None of these are decisions a model makes. They are decisions a person makes to unblock themselves, meaning to fix later, and the tool faithfully commits what the person wrote. A smarter model writes a better app around the leaked key. It does not remove the key.
What this means for the argument everyone is having
The model-safety debate treats the tool as the security variable. Our data says the security variable is the workflow: whether a human (or a scanner) checks the code for the boring, predictable paste-in mistakes before it ships. That check costs the same whether you use Cursor, Codex, or Claude, and skipping it costs the same too. Switching models for security is rearranging the one part of the stack that our measurements say does not matter.
This also means the number to watch in future model releases is not ours. We expect the next generation from every vendor to land in the same band, and we will keep scanning to check. If one ever breaks the pattern, that will be a genuinely big deal, and you will read it here with the confidence intervals attached.
Frequently asked questions
Which AI model writes the most secure code?
None of them, measurably. Across 544 real web apps built with Cursor, OpenAI Codex, and three Claude model generations, the high-severity flaw rate ranged from 9.8% to 17.7% with overlapping confidence intervals and no statistically significant difference between any two tools. Picking a coding tool for security is picking on noise.
Why doesn't a smarter model produce safer code?
Because the flaws that ship are not reasoning failures. In every cohort, the findings were dominated by hardcoded credentials, disabled TLS verification, and weak randomness — shortcuts a human takes to get something working. The model was never the one deciding to commit a live key, so a better model does not stop it.
So what should I do instead of switching models?

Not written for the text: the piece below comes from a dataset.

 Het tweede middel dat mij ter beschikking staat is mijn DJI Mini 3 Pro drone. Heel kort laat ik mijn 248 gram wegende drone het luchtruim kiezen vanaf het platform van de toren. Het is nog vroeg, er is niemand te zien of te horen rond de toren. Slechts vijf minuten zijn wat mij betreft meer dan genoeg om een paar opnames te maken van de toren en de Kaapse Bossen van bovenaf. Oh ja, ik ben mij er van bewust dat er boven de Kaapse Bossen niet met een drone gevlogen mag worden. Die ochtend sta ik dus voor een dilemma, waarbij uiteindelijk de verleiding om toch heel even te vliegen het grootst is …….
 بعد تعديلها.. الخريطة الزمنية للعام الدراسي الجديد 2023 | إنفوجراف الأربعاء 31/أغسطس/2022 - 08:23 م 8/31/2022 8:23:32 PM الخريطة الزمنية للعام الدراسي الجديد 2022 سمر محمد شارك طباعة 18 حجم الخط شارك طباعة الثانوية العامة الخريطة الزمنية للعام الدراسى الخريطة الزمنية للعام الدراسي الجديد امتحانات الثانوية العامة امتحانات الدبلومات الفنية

Review the code the same way regardless of which tool wrote it. Move every secret to an environment variable, rotate anything that was ever committed, never ship with certificate verification off, and use a cryptographic random source for security-sensitive values. Or scan the repo free with Prbl and get the exact file and line.
Methodology and limits
120 Cursor, 82 Codex, 116 Fable 5, 130 Opus 4.8, and 96 Opus 4.5 web apps, all sourced from GitHub via each tool's commit fingerprint, filtered by a scope rule fixed in advance, scanned with Prbl under identical rules, and manually reviewed. The individual studies with full breakdowns: Cursor, Codex versus Claude, and three Claude generations.

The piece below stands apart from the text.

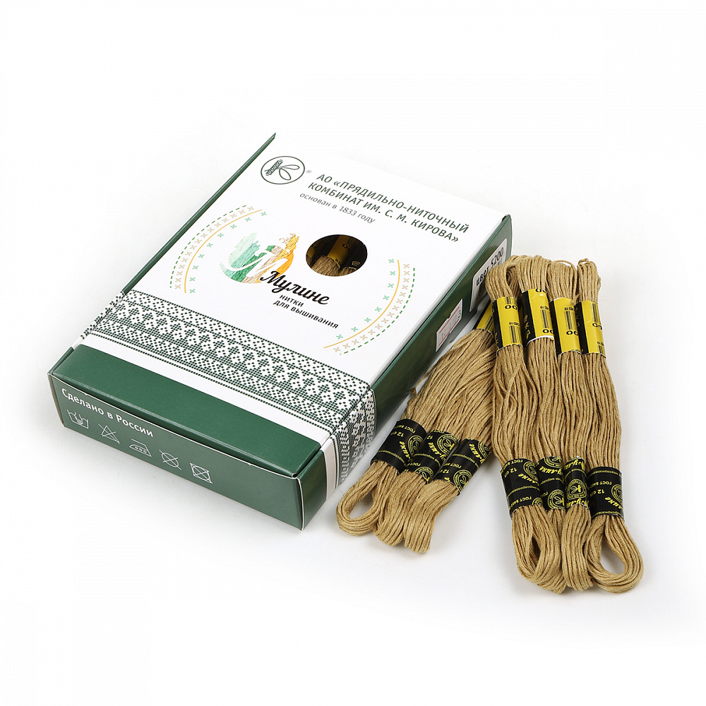 Вышивальные нитки 'Мулине' производятся только из высококачественного тонковолокнистого хлопка, технология химической обработки - мерсеризация- придает ниткам блеск и яркость цветов. Нитки равномерно и мягко ложатся на полотно, устойчивы к влажно - тепловой обработке. Использование современных импортных светопрочных красителей позволяет сохранить окраску вышивальных ниток 'Мулине' при длительном нахождении под прямыми лучами солнца. Нитки равномерно окрашены, без узлов, утолщения и ворсистости. Имеют пологую крутку, поэтому равномерно и мягко ложатся на полотно. Нитки выпускаются по ГОСТу 8402-89 Состав: 100% мерсеризованный хлопок Намотка: 8 м Номинальная линейная плотность: 230текс / 12сложений Основные сферы использования: ручная вышивка и рукоделие Номер цвета и ш/к наносится на каждый моток и на каждую коробочку.

The honest limits: this is observational, not a controlled experiment. The cohorts are different apps by different people, and users of coding agents skew technical, so these rates describe their apps, not all software. Small per-tool differences below our detection threshold could exist; what cannot exist in this data is the large, decision-worthy gap the safest-model argument assumes. And no repository, owner, or file is identified anywhere in this post.
The takeaway fits in a sentence: the tools are tied, the flaws are human, and the fix is a review that costs thirty seconds. Which model you pick can be about anything you like. It just can't be about this.